YOUR ASSIGNMENT – Quote these lines exactly: the one that holds "three Liebert logos." and every line after it to the end of the material below. Skip pictures.
[Start of section]
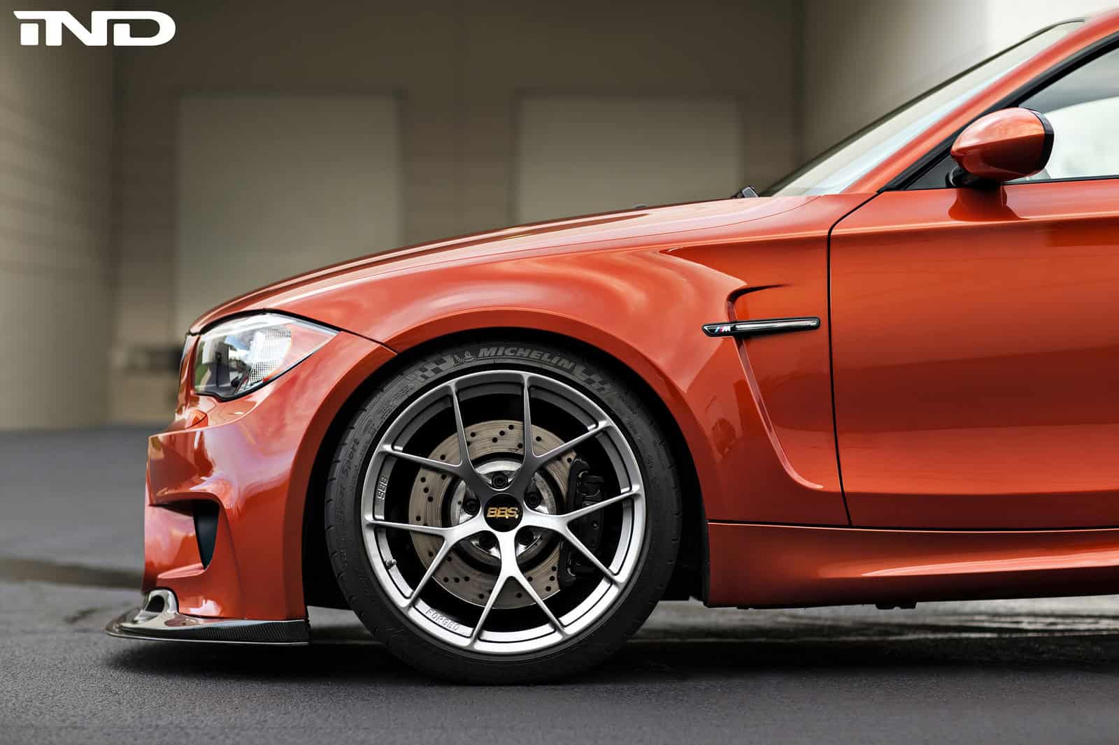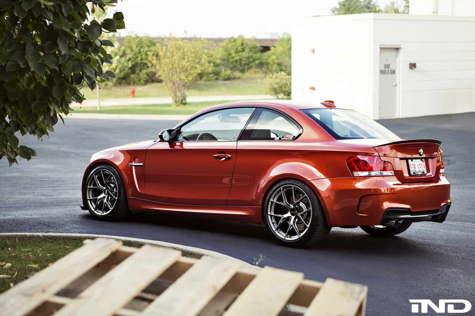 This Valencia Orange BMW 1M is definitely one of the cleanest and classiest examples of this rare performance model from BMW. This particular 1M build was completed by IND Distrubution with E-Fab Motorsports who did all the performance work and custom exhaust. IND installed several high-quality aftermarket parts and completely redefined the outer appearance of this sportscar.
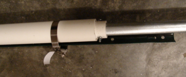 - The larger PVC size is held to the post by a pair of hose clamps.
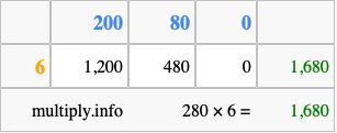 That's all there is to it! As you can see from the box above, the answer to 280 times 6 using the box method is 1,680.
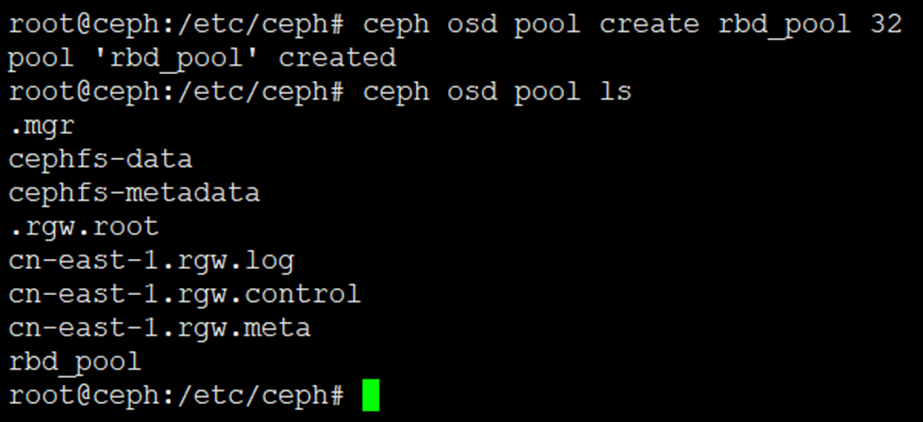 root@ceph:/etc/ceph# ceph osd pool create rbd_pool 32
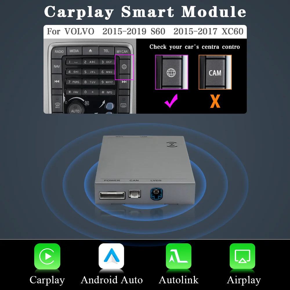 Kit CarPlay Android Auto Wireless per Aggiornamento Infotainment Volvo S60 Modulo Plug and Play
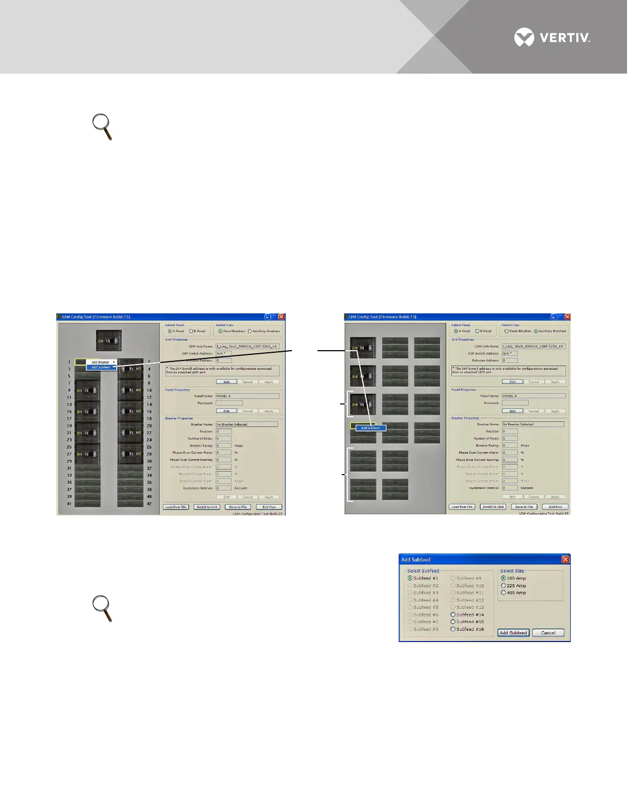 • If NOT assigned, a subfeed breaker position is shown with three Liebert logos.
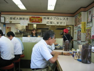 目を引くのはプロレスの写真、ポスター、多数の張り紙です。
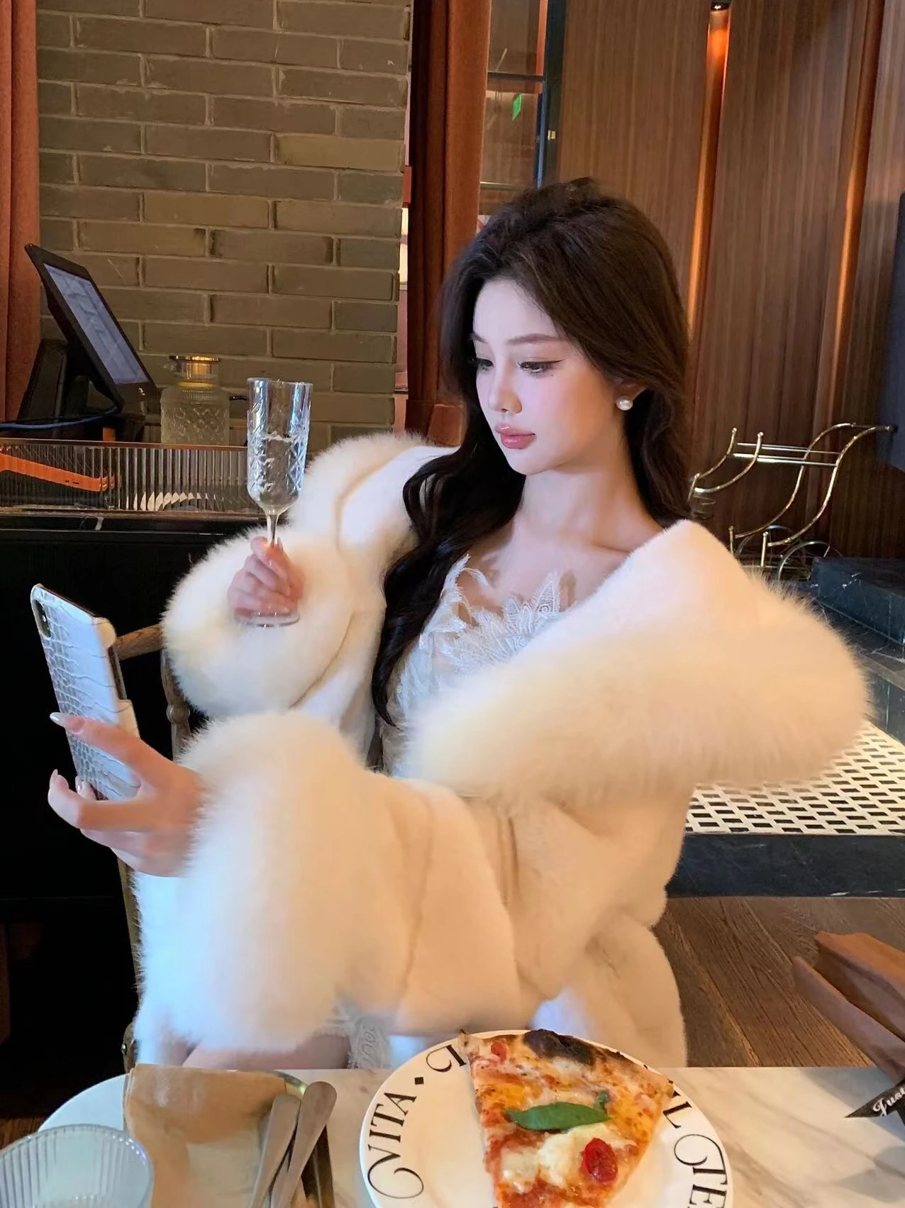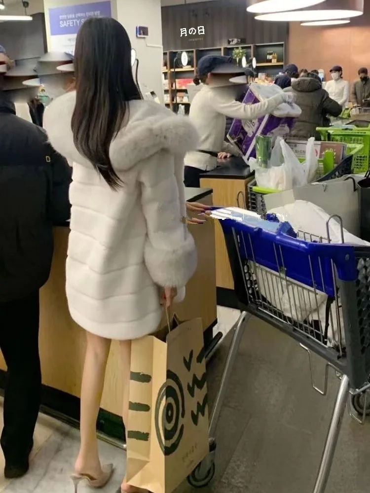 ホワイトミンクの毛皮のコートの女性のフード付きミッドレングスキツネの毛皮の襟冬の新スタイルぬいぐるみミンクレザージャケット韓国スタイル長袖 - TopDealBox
[End of section]
WORKED SOLUTION –
 • If NOT assigned, a subfeed breaker position is shown with three Liebert logos.
 目を引くのはプロレスの写真、ポスター、多数の張り紙です。
 ホワイトミンクの毛皮のコートの女性のフード付きミッドレングスキツネの毛皮の襟冬の新スタイルぬいぐるみミンクレザージャケット韓国スタイル長袖 - TopDealBox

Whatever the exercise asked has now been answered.